Infections that can cause conjunctivitis or keratitis (inflammation of the cornea) include:
- the STIs syphilis, gonorrhea, chlamydia, herpes simplex, and hepatitis B
- Lyme disease
- acanthamoeba - a common parasite
- crab lice - these tiny animals can live and breed in your eyelashes and are invisible to the naked eye
- Epstein-Barr virus or infectious mononucleosis
- mumps, measles, influenza, or shingles
- onchocerciasis (river blindness)
- sarcoidosis - the cause of this condition is not clear, but it may be due to an infection
- mycosis (general name for fungal infections) - Candida, the fungus that causes thrush, is one of more than 60 types of fungus that can infect the eye
Infections that can damage the retina and the inner eye include:
- herpes simplex
- varicella zoster (shingles and chickenpox)
- cytomegalovirus, which doesn't affect healthy people but is the leading cause of blindness in people with AIDS
Symptoms and Complications of Eye Infections
Obviously, with so many possible causes, the symptoms of eye infection can vary a lot. What a person feels generally depends more on where the infection is rather than on what's causing it.
Common symptoms of conjunctivitis include:
- redness and itching
- viral conjunctivitis: discharge is usually watery or mucous-like
- bacterial conjunctivitis: discharge is thick and can be white, yellow, or green
- feels like there is sand in the eye
- crusting over of the eyelid
Common symptoms of keratitis and other frontal eye infections are:
- pain, itching, or sensation of a foreign body in the eye
- photosensitivity (aversion to bright light)
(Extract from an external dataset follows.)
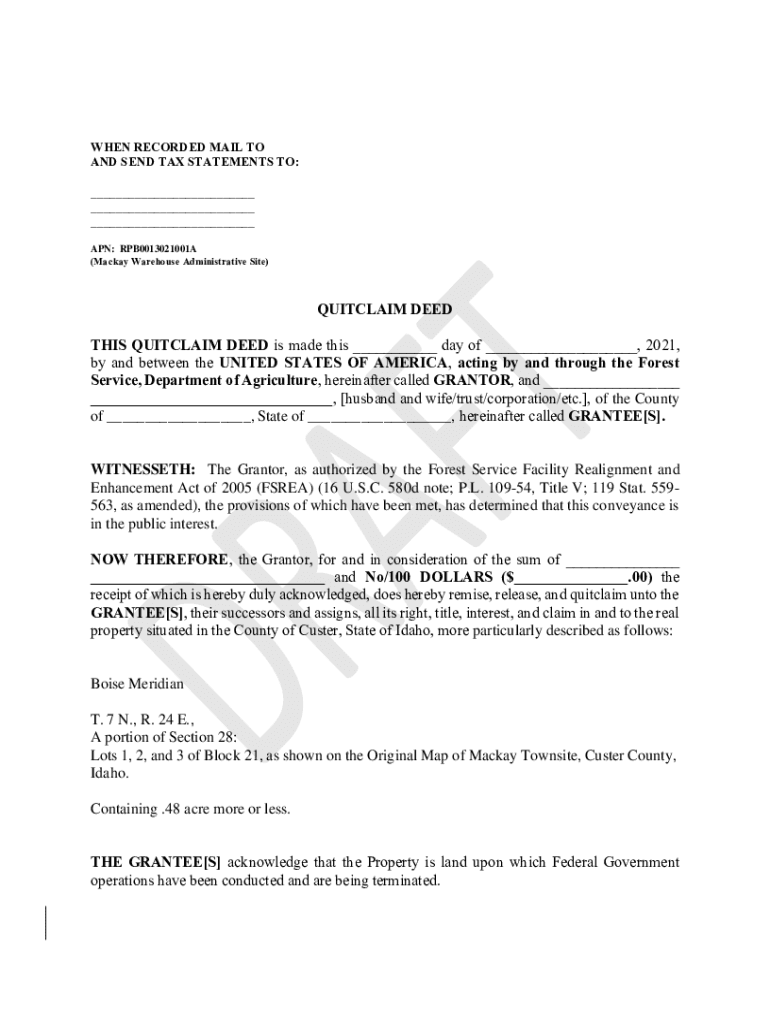 WHEN RECORDED MAIL TO AND SEND TAX STATEMENTS TO: APN: RPB0013021001A (Mackay Warehouse Administrative Site)QUITCLAIM DEED THIS QUITCLAIM DEED is made this day of, 2021, by and between the UNITED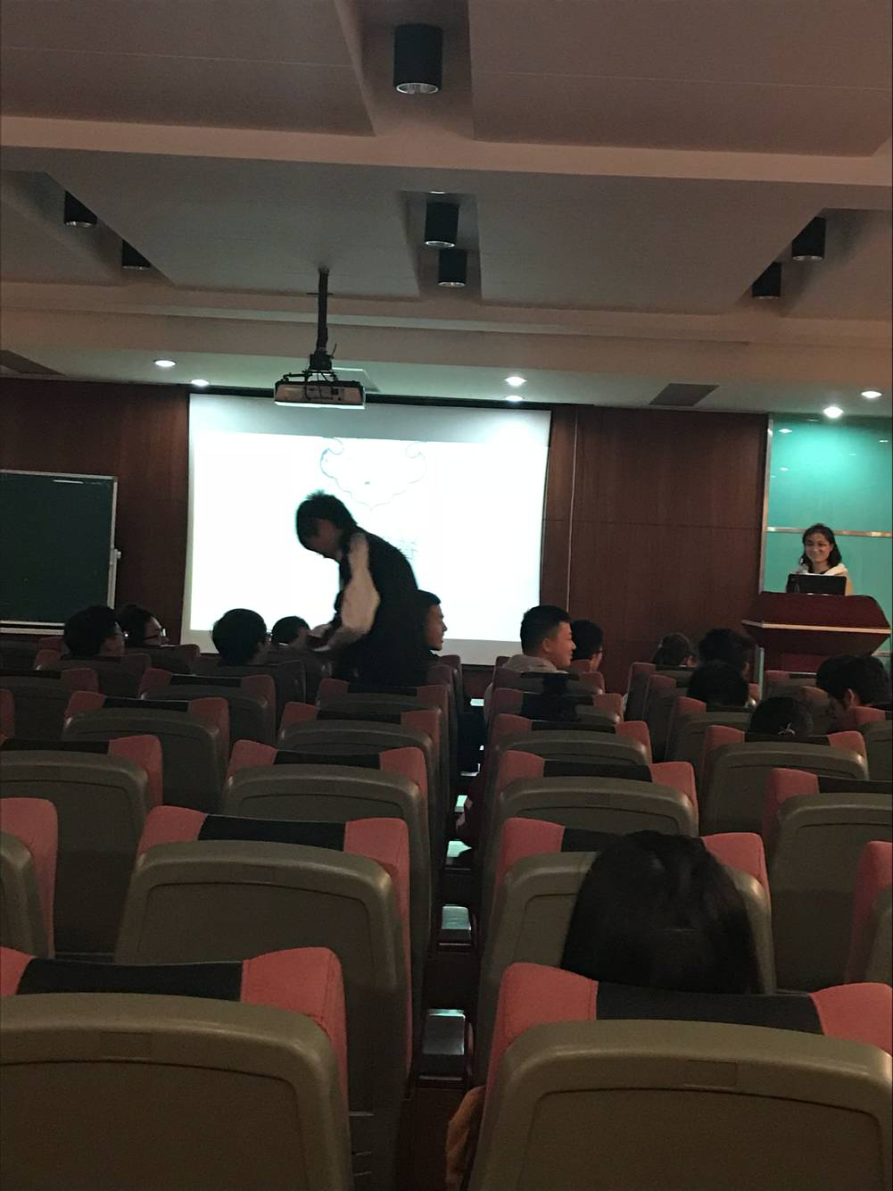 宣讲会借视频《跨越五千年的长跑》引入,气势磅礴的为大家展示了中华文化上下五千年的精华,极具渲染力的引出了我们的主题。接着,团队成员就文化自信是什么,为什么要文化自信即文化自信的重要性,以及十九大报告中习近平总书记有关文化自信的论述展开了描述。同时在宣讲过程中,团队成员与台下观众积极互动,提高了大家的积极性和参与度,大大提升了宣讲效果。随后,团队成员向观众展示了影视文化对于文化自信的影响,并通过一正一反两个例子进一步说明影视文化对于文化自信的影响,用生动的事例让台下聆听者娱乐之余有所反思。在“你画我猜”游戏环节中,团队将文化因素融入到游戏之中,将游戏用词设置为豆瓣2016评分最高的华语电影和外语电影,积极与在场学生进行互动。最后,团队成员为如何促进影视文化对于文化自信的积极作用分别从国家、社会、个人三个层面提出可行性建议。

- redness or small red lines in the white of the eye
- discharge of yellow pus that may be crusty on waking up - a possible sign of bacterial infection
- swollen eyelids
- constant involuntary blinking (blepharospasm)
Unfortunately, diseases that damage the retina, the optic nerve, or the blood vessels that feed them often cause no pain at all. The primary symptom is deteriorating vision, which is usually stoppable but not reversible. That's why it's vital to get your eyes checked regularly. One possible symptom of internal eye damage is floaters, tiny fragments in the liquid inside the eye. You see tiny bubbles or dark spots slowly falling through your line of vision. Everyone has a few floaters - you should only worry if you notice a sudden increase in them.
Almost all eye infections accompany disease in some other part of the body, even if it's just a cold. Some but not all of these diseases have clear symptoms. Be on the lookout for eye pain or visual symptoms if you have any of the diseases listed in the "Causes" section of this article.
Serious complications of eye infection include damage to the retina and the formation of scars and ulcers in the cornea that can obstruct vision. Some infections, like syphilis, can also provoke glaucoma. Moreover, eye problems are often the only visible symptom of wider infections. Chlamydia, for example, often causes no genital symptoms, but can cause infertility and heart damage if left untreated.